There is a block means I have a specific concept that corresponds to the thing; there is no block means I have a specific concept but it does not correspond to a thing. In that sentence I could replace ‘is’ by ‘exists’. I am not saying that existence depends on being seen. Rather I am saying that without experience, we cannot talk about anything. Suppose we are in the jungle. I yell ‘there is a tiger’. If you have no mental picture of tigers you will look at me with puzzlement. For information to have been conveyed you will have to already have an association between the sound of the word ‘tiger’ and a mental picture of a tiger (things with four legs, black and yellow stripes, that kill and eat weaker prey including human beings). And if you have that sound-picture (word-concept) association you will likely feel fear the moment I yell ‘tiger’.
There is a block.
There is a tiger.
There stands a proud human being.
These and many other similar sentences have perfectly precise practical meaning (language-concept-object relationship). Metaphysically, however, they are precise only in practical terms. On the classic and often abandoned metaphysical sense of perfect precision they are absolutely imprecise and wrong (or meaningless) because anything less than perfect precision is unacceptable. That is why that notion of metaphysics is so often abandoned. It cannot even do practical service let alone its putative service of knowing the (so far) unknown.
Then: is there anything at all?
Yes: there is something for if there were not there would not even be the true versus practical versus illusory perception of things.
This is really Descartes’ argument ‘I think therefore I am’ divested of the presumption of the term ‘I’.
Is there anything at all?
That reply has two meanings. First as reply to the question that preceded it. But second, and importantly, just as a wild but true assertion (true in the sense of something perceived to be the case where the perception is perfectly precise).
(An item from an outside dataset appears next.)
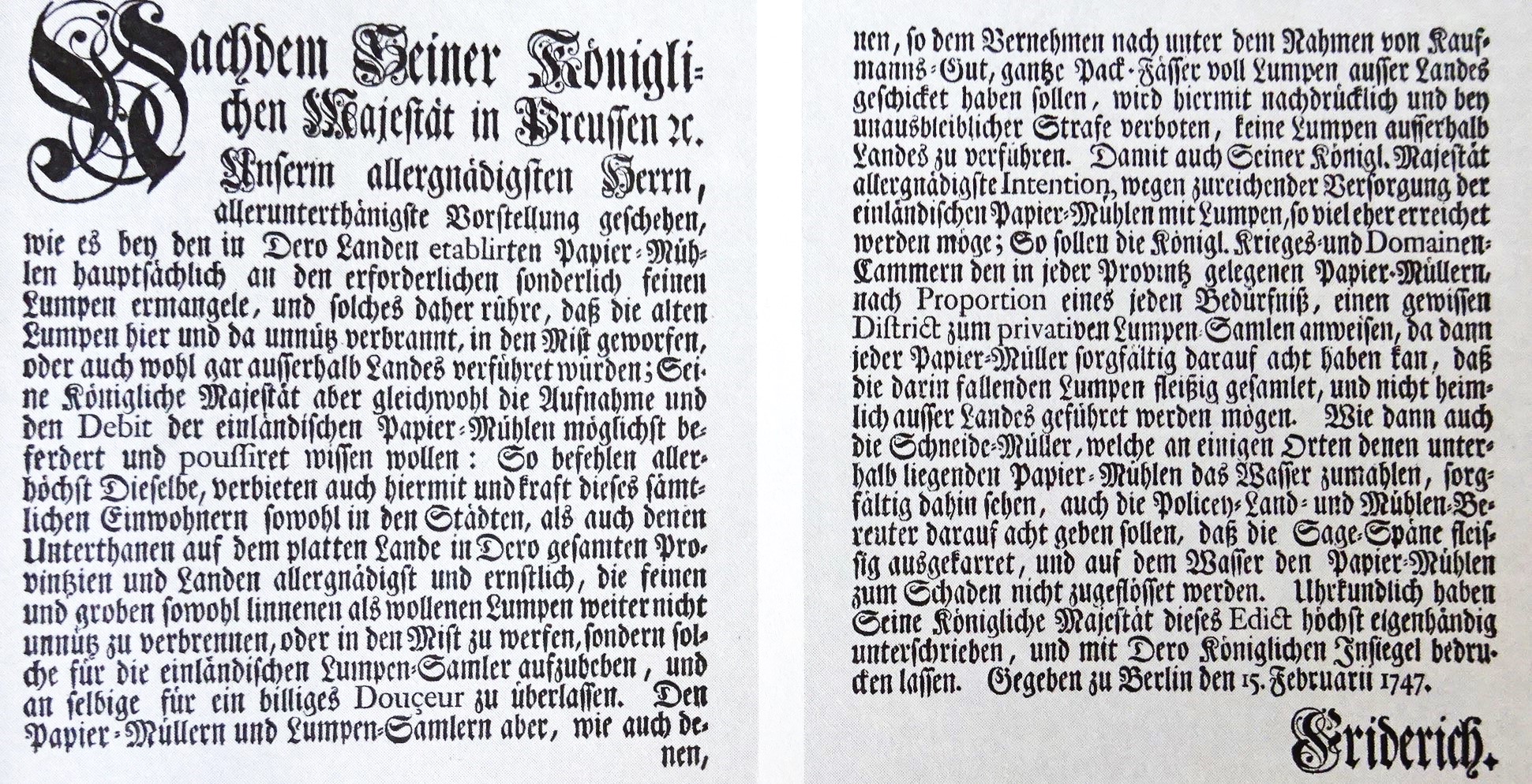 Die typisch preußische Regelwut äußerte sich in einer Flut von Edikten und Gesetzen. Hier geht es um das Sammeln von Lumpen und Papier, mit dem man die Einfuhr teurer Rohstoffe vermeiden wollte.

This is ordinary beyond ordinary ordinariness.
From ordinariness taken to the extreme we have established precisely that there is something. It is quite trivial. Yet it is deep because it establishes that something exists precisely where we wondered whether any such thing could be established.
The source of power is that ‘there is an x’ is generally much more discriminating than ‘there is’ something. ‘There is an x’ chooses from the universe some very specific thing or things ‘x’. ‘There is’ chooses only things that are (in the universe). I.e. one way of looking at our derivation is to see that there is a universe and therefore ‘there is’. The extra ordinary is extraordinary.
This is powerful because we have gotten precision where we were in doubt but what we have gotten precision about is still rather trivial. Can we do more? Yes; we will do much more in a formal account of metaphysics. There we extend the present kind of analysis to a framework for the world (and subsequently, with different but essential criteria of perfection, to the whole world). Here, however, is a little preview of the magnitude power of the world and so of the ordinary in informal terms which will be taken up formally in a formal account of metaphysics below.
If ‘what is’ is ordinary, what lies outside it? At most ‘absence’.
But absence means absence of laws (even).
Imagine something. Imagine it as a whole. What is left over beside the something? It is absence! Absence exists (this is not a very good argument but it is a heuristic and therefore useful one; a formal argument is given later in a formal account of metaphysics).
But since there are no laws in absence, absence must generate everything possible—i.e. there are no possible but unachieved states of being.
This is so contradictory to experience that people find it unpalatable. To the everyday person it violates ‘no free lunch’, violation of the thought that there are surfeits and deficits, violates the ethic that things must generally be worked for. To the scientist it violates conservation laws, especially of energy. To a philosopher it violates principles of causation. But if you accept that there is true absence then the generation of all possible states of being follows at once. Nothing comes from nothing says, in effect, that nothing is more than nothing: it is not just not something; it is the ‘cause’ that prevents nothing. Nothing comes from nothing contains an implicit contradiction (there is much apparent contradiction here, but in realism all contradiction is defused in principle; the beginning of this defusing begins in the next few paragraphs).
The universe has no bound to the states it achieves. It has absolute power.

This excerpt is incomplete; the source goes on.